• DATA SUPPLIED:
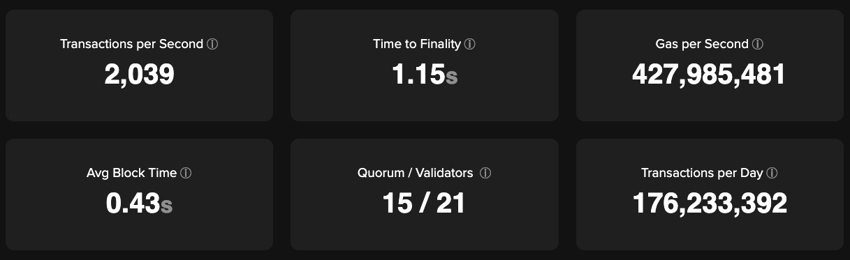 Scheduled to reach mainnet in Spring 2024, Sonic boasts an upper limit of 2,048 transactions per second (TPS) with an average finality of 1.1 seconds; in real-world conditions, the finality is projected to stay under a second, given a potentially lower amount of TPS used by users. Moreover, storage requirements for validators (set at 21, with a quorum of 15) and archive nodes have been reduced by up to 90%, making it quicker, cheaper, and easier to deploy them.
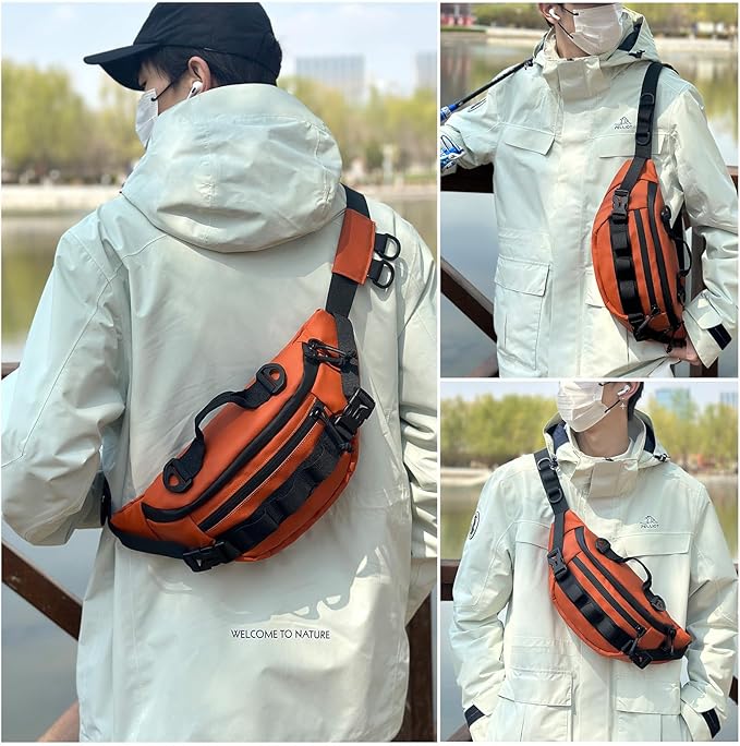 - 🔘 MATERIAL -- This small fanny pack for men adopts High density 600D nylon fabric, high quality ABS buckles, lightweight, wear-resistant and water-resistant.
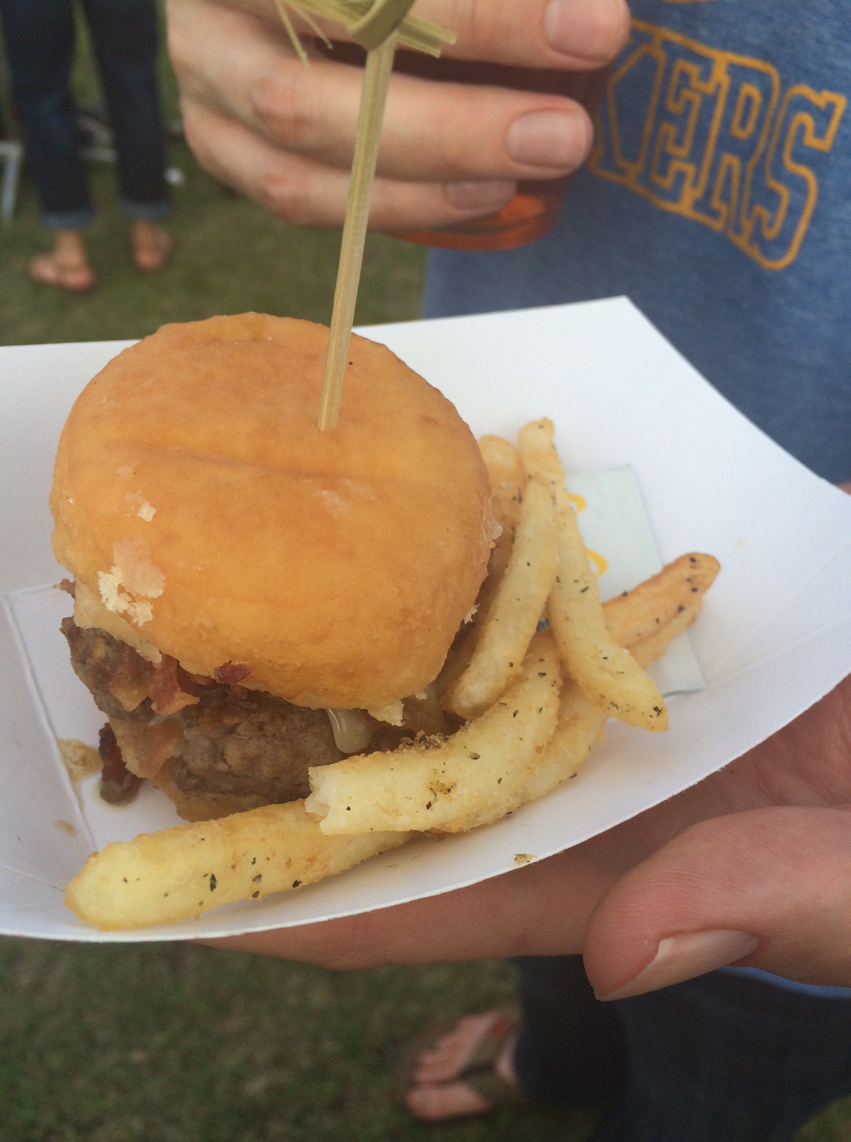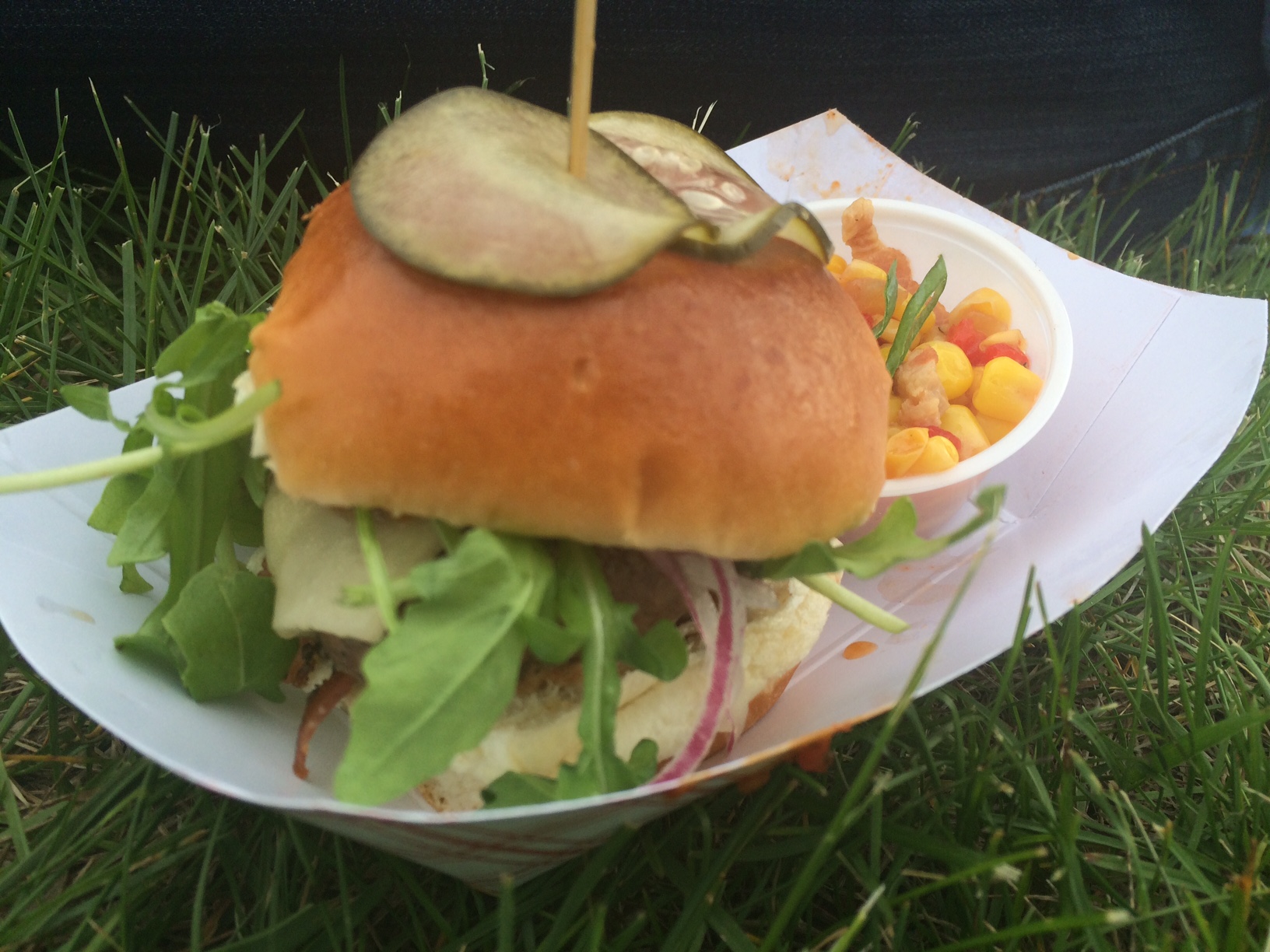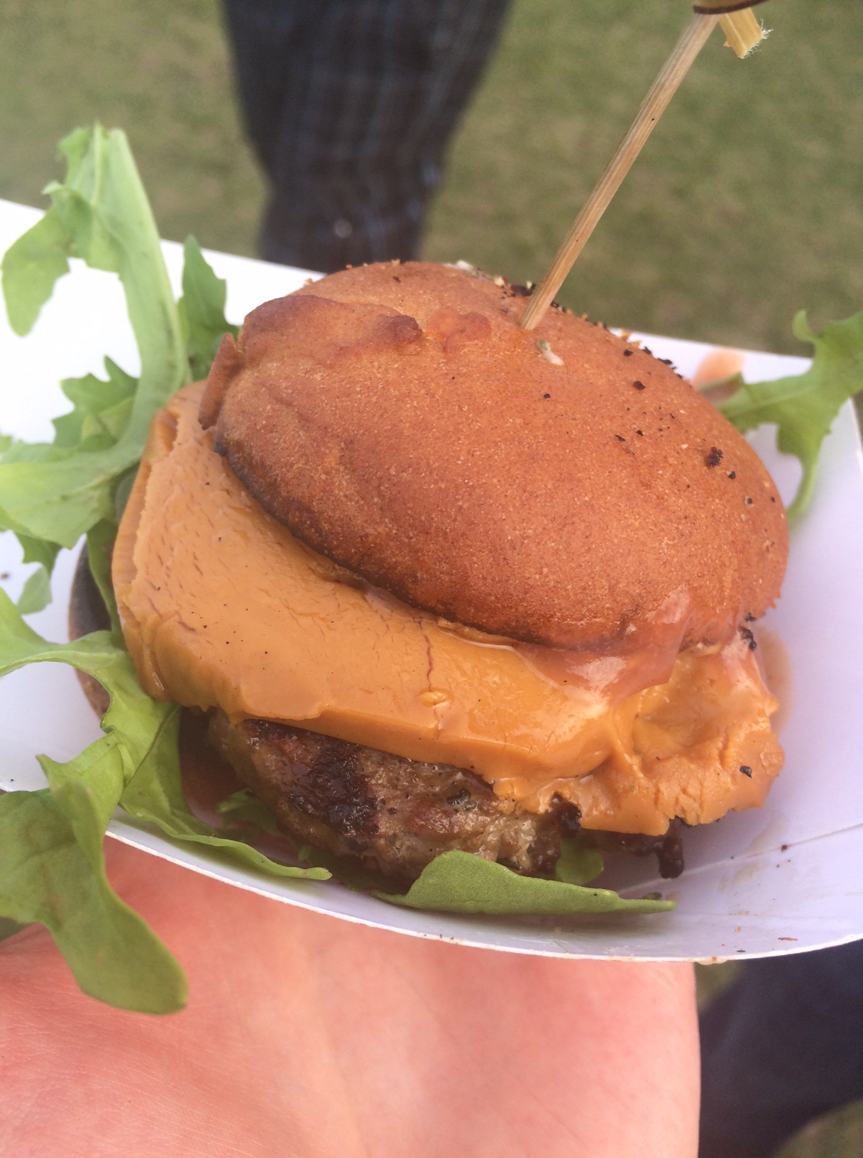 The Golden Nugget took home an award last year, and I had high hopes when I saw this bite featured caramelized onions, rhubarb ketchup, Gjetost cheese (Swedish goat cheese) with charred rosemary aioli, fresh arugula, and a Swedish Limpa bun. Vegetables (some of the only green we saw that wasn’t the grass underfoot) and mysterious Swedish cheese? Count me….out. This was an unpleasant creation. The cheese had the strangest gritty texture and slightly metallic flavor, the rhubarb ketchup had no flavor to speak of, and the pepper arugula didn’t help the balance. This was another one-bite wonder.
* * *
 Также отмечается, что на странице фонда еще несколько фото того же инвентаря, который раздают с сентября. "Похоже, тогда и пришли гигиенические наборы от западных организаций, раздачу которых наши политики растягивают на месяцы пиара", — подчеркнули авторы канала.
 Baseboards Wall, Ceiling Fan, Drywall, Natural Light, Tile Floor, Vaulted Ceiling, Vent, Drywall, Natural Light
---
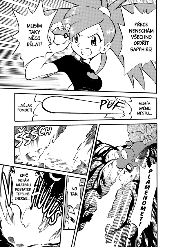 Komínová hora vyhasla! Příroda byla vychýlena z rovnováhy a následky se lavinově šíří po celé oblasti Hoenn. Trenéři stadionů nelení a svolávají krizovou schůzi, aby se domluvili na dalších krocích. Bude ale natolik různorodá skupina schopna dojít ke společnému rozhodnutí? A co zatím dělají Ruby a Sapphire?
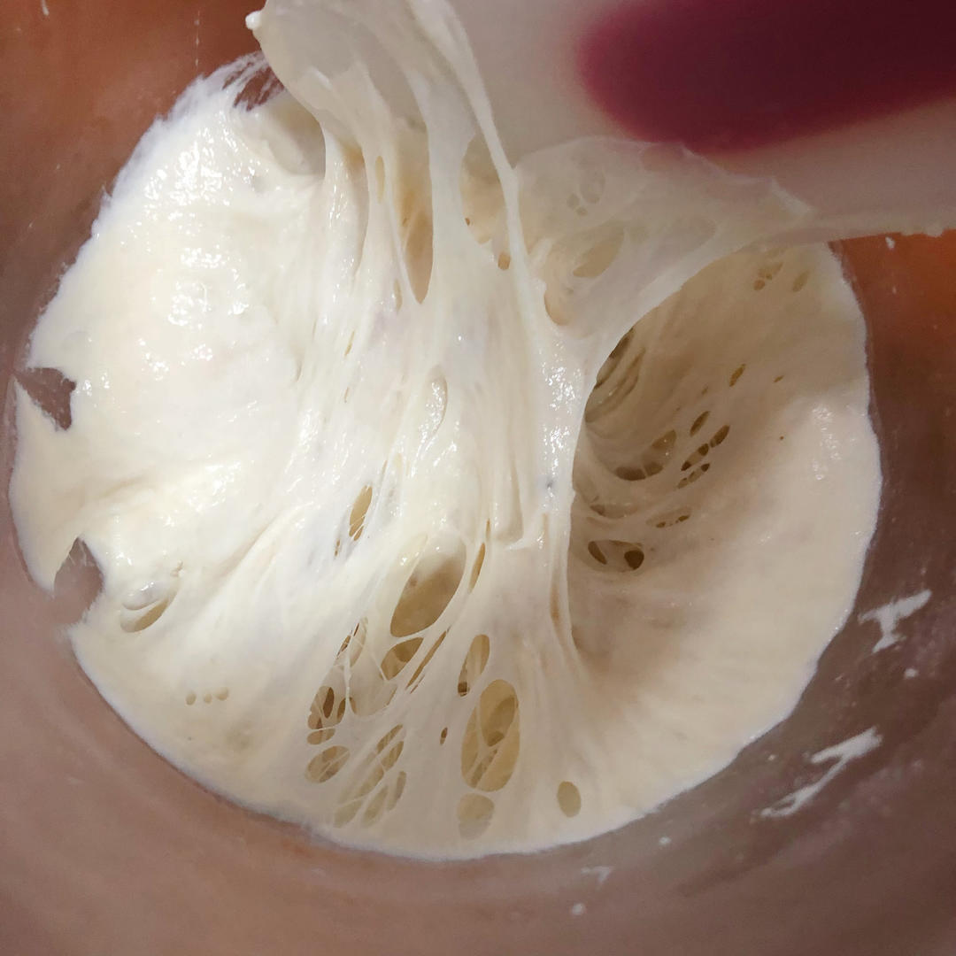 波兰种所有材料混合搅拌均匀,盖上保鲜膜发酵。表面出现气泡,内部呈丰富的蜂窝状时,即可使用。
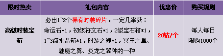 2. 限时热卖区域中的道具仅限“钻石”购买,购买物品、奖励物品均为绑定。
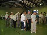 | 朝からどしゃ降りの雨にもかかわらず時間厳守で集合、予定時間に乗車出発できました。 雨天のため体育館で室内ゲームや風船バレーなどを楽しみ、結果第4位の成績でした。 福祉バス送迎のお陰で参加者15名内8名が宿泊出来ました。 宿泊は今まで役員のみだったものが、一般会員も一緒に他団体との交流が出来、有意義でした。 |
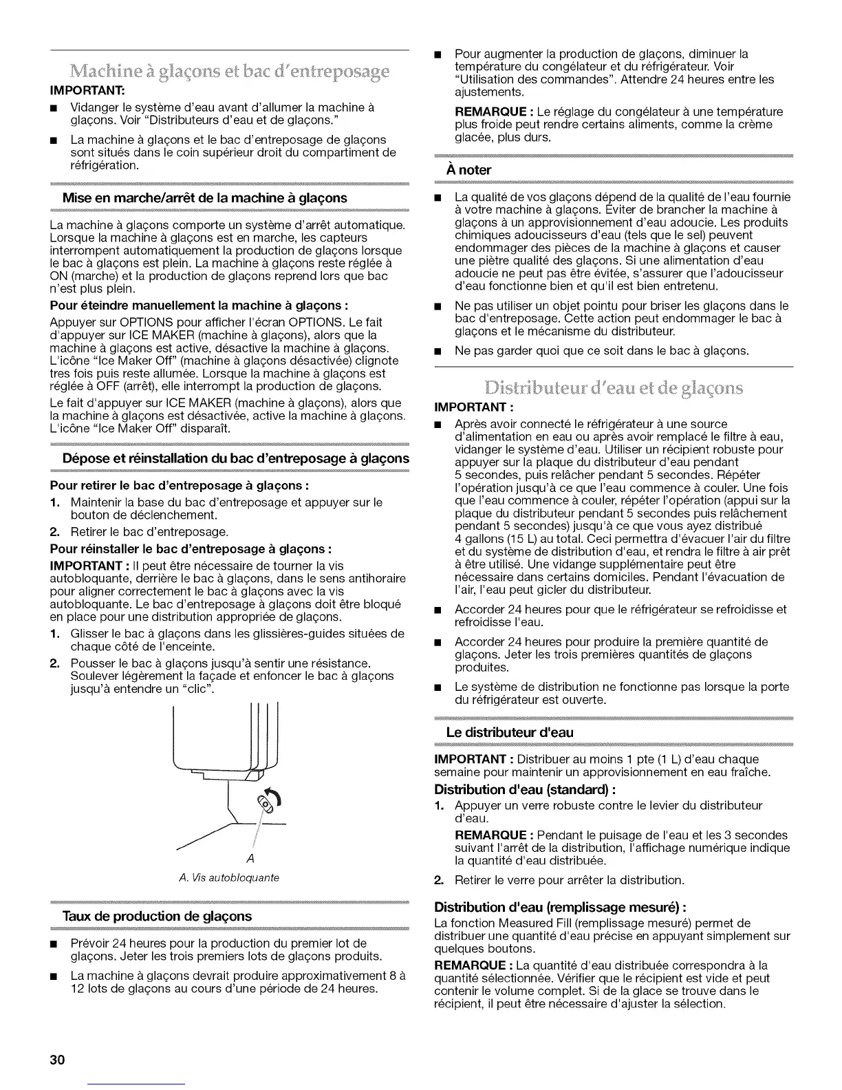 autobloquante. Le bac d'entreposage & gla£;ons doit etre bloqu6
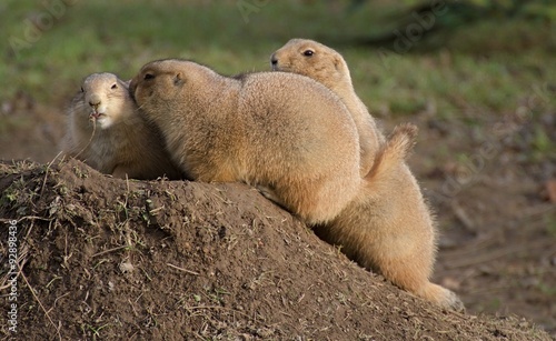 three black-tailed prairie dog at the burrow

• TO DO: Reproduce exactly the lines of the data above that run from the line with "Scheduled to reach" down to the line with "- 🔘 MATERIAL", both ends included. Pictures do not belong in the copy.

• ANSWER:
 Scheduled to reach mainnet in Spring 2024, Sonic boasts an upper limit of 2,048 transactions per second (TPS) with an average finality of 1.1 seconds; in real-world conditions, the finality is projected to stay under a second, given a potentially lower amount of TPS used by users. Moreover, storage requirements for validators (set at 21, with a quorum of 15) and archive nodes have been reduced by up to 90%, making it quicker, cheaper, and easier to deploy them.
 - 🔘 MATERIAL -- This small fanny pack for men adopts High density 600D nylon fabric, high quality ABS buckles, lightweight, wear-resistant and water-resistant.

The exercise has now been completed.